Group shot of CDEI team

COVID-19 Drug Evidence Initiative (CDEI) team members, from left: Avery Loi, Sameera Toenjes, Arvind Grewal, Joseph Li, Truong Dao, and Christopher Tse.

As the number of scientific papers about COVID-19 keeps growing, health care professionals have a harder time keeping up with the most relevant literature. A group of students from the Leslie Dan Faculty of Pharmacy has created a new initiative to identify, evaluate and communicate evidence from COVID-19 treatment trials, helping to make the latest research accessible to those who need it.

The six students – Sameera Toenjes, Avery Loi, Truong Dao, Christopher Tse, Joseph Li and Arvind Grewal – were all about to complete their fourth year of the PharmD program when the pandemic started. “We all had a desire to help out,” says Toenjes. “We’ve been training for four years and accumulated this knowledge base that could be really useful in the time of a pandemic – if not on the front line, then in another capacity.”

Despite the abundance of COVID-19 research, the students could not find a resource focused solely on identifying and evaluating clinical trials about drugs to treat the disease. They realized that they could use the knowledge and skills developed over the course of their degree to fill this critical gap and officially launched the COVID-19 Drug Evidence Initiative (CDEI) at the end of April.

“We are filling a very specific need. Some existing resources list hundreds of papers of all kinds of studies, not just drug treatments”

“We are filling a very specific need. Some existing resources list hundreds of papers of all kinds of studies, not just drug treatments,” says Loi. “We can apply our expertise in the area of drugs and make the information easily accessible for health care professionals.”

Karen Cameron, a lecturer at the Faculty, agrees that this type of resource is needed. “It is difficult for busy health care providers to quickly assess the quality of this information and assess its impact on treatment practices,” she says. “Having a resource that summarizes the prospective randomized trials is invaluable as a quick reference point for clinicians.” 

While developing the initiative, the team received support and feedback from several faculty members, including Cameron. “These students were preparing to move on to the next step in their professional lives when rotations, graduation and licensing exams were cancelled,” says Cameron. “They were able to mobilize in a time of uncertainty to identify a gap in information and how they could make a meaningful contribution. I’m immensely proud of their contribution during this challenging time.”

Students focus on making information accessible and usable

The CDEI team decided to focus their project on prospective intervention trials, since they are the most applicable studies to clinical practice. When they find a study that meets their criteria, they summarize and appraise it, identify the limitations and, importantly, communicate the information in understandable and usable ways. “Pharmacists are one of the most accessible health care professionals,” says Toenjes. “So we wanted to make information that was also very accessible and easily digestible for the public.”

So far, more than 1000 unique visitors have visited the CDEI website, and the team is continuously working to reach more clinicians.

The project, like COVID-19 research as a whole, is still in early days, and it has helped to make the students more aware of one of the unique challenges of this pandemic – a lack of known effective treatments. “We were shocked by how much further we have to go in terms of evidence,” says Toenjes. “Out of thousands of articles we’ve searched, only nine or ten have fit our criteria, and the evidence hasn’t been strong for a lot of them. It will be interesting to see what changes over the next couple of months.”

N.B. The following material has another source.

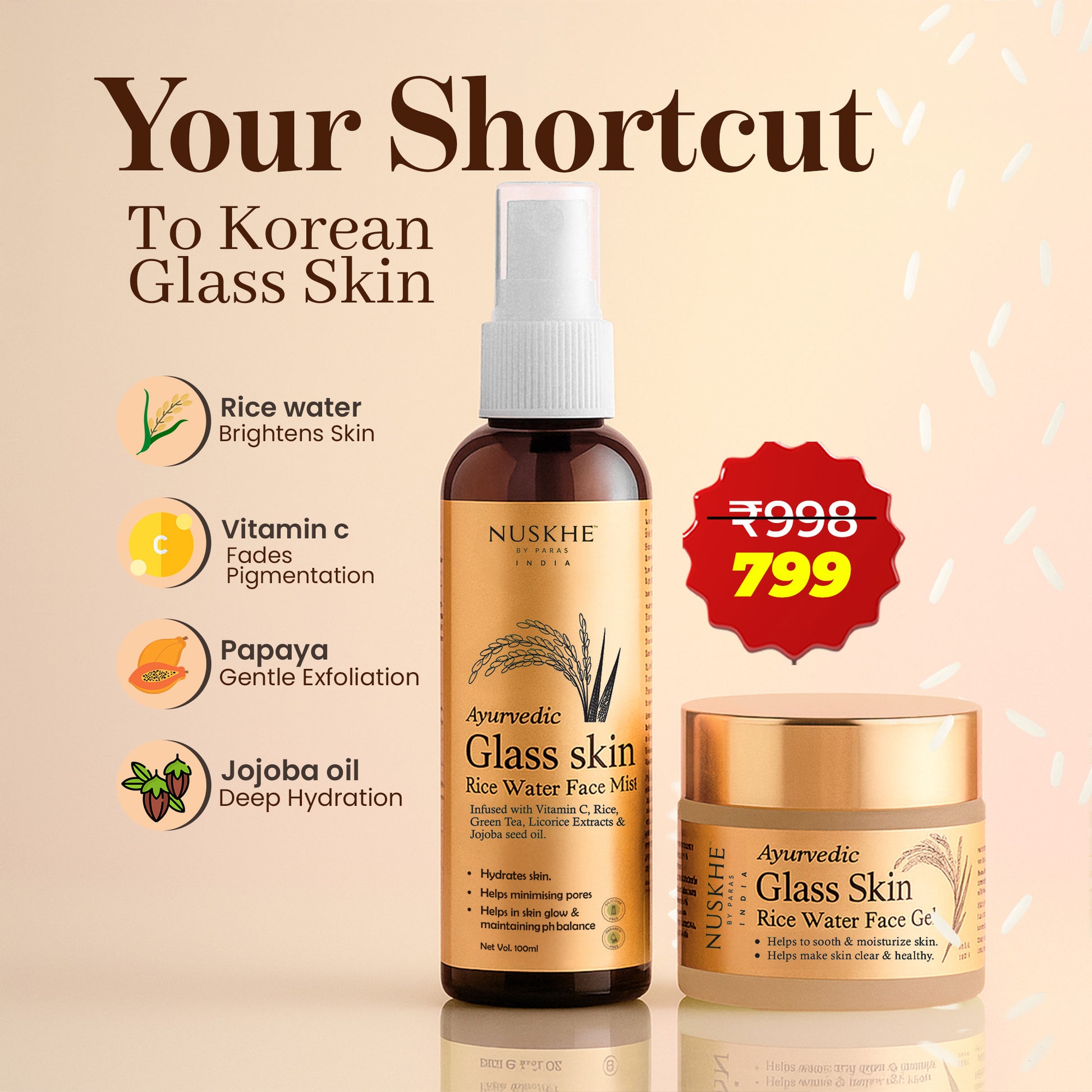 Ayurveda combines with Korean traditional medicine, Introducing you Nuskhe by Paras Glass skin Rice Water Face Mist and Rice Water Face Mist. For flawless radiance, It minimizes pores, curbs acne, reduces dark spots, tightens skin, reduces cellulite, and helps even skin tone. Caution: People with sensitive skin are advised to perform a patch test. If a rash, redness, or itching appears, stop using it. Customer Care at +91-78600 00768, available from 10 AM to 6 PM (Monday to Saturday) |

“A lot of our work is still to come as more of the high quality studies start coming out,” adds Loi. “That’s when it will be especially important to get the information into practice for people working.”

Medical experts in Ontario have also created two committees to review evidence

Earlier this month, U of T News covered the creation of two Ontario committees – one charged with recommending the most effective drugs and the other with how best to manage critical illness. One committee, called the Clinical Practice Guidelines for Antimicrobial and Immunomodulatory Therapy in Adult Patients with COVID-19, is reviewing the body of evidence for specific drugs and developing recommendations for clinical practice. The committee is made up of infectious disease specialists, ethicists and pharmacists, including members of the Leslie Dan Faculty of Pharmacy.